I can remember how bummed out I was after retiring in 1998 and buying a nice complete medium format film system. Not long after that (a year or two?) I was introduced to digital photography with a little Olympus "something or other model" that had 4 megapixel "small" sensor. I bought one for kicks, and took a class in Photoshop at the local art institute. I bought an Epson 1280 dye-ink printer and made some 8x10 prints from the little Olympus digital point and shoot. DANG... the digital prints were sharper and more detailed than the lab prints I was getting from 645 film. I kept my mouth shut because it seemed ridiculous to say something like this.
Later on, Michael Reichmann on the Luminous-Landscape published an article declaring one of the early Canon Dxx cameras ( I don't precisely remember which one, but one of the early ones ) "better than 35 mm film." I remember feeling a little "justified" in my own conclusions. I sold all my film gear. Since then things have improved markedly. In 2009 or thereabouts, I remember reading and article with sample photos Illustrating how the Sony a900 FF DSLR was superior to 6x9 film. It wasn't marginally superior, it was stunningly superior.

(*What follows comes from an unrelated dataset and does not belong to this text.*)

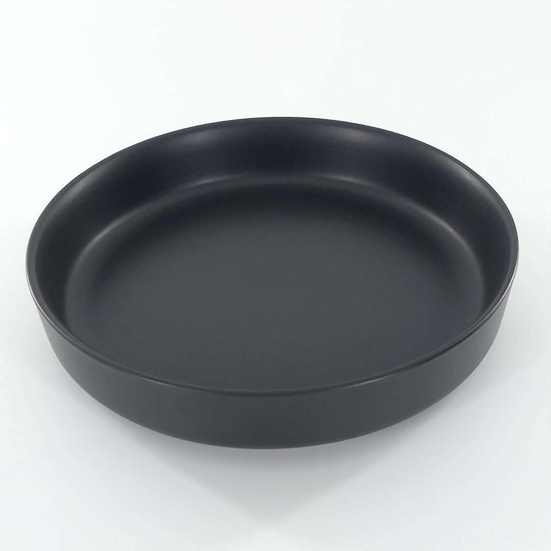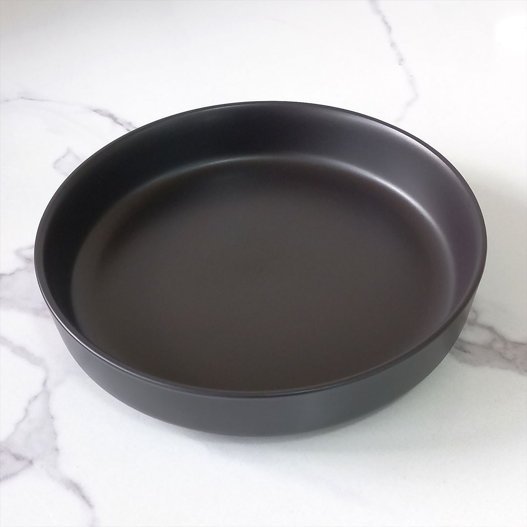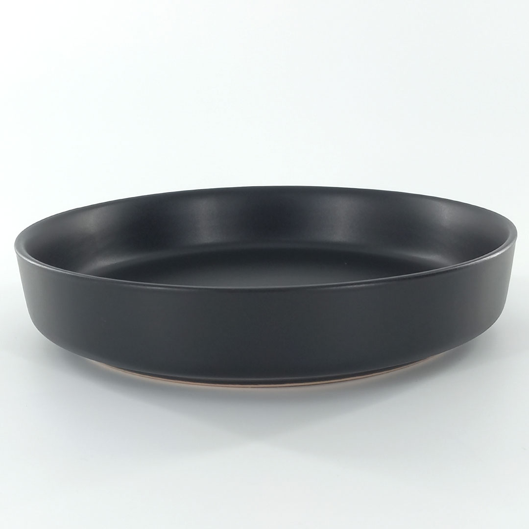 This 22cm ceramic deep plate features a striking matte black finish, offering a modern and sophisticated aesthetic. Its deep, wide basin design with a straight vertical rim makes it exceptionally versatile, perfect for serving everything from pasta and salads to soups.
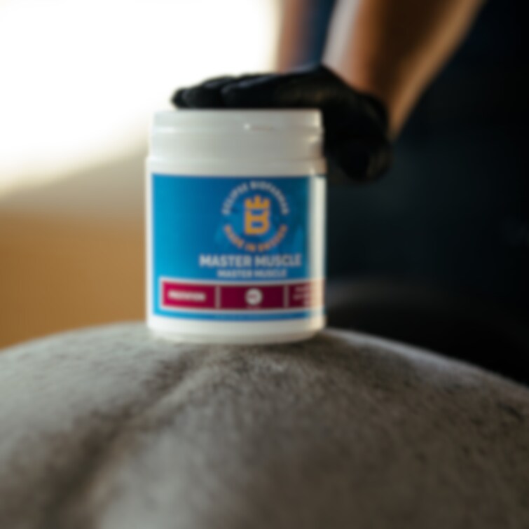 Master Muscle är ett fodertillskott för hästar som har svårt att sätta muskler. Innehåller gamma-oryzanol, som enligt omfattande forskning, har tillväxtbefrämjande egenskaper. Innehåller även e-vitamin, lysin, inulin och krita. Idealiskt för styrketränande och hårt arbetande hästar samt unghästar.

With the advent of really high quality pigment ink printers, excellent post processing software like Lightroom and Capture One, and the ongoing increase in both resolution and dynamic range of digital sensors, it really isn't worth discussing anymore. Film is fun, the process of shooting it and developing it, and printing in a wet darkroom is satisfying. I'd done that since the 50's and remember it fondly. Watching an image appear on paper in the developing tray was truly a magical experience, and the physical / visceral process of manipulating physical chemistry and paper and film was something special that not everyone could do well. But that aside, digital is superior in every measure of image quality. Discussions of "film like"-ness are fine and things like Fuji's Classic Chrome are expressions of that.
Even though I'm hugely nostalgic about my old Leica M4 and my Olympus OM-3Ti, and my Leitz and Bessler enlargers, etc., I don't kid myself into thinking they were somehow better than what I have in my hands today with my Fuji X-Pro2 and X-T2 cameras and lenses and my Epson SC P800 printer.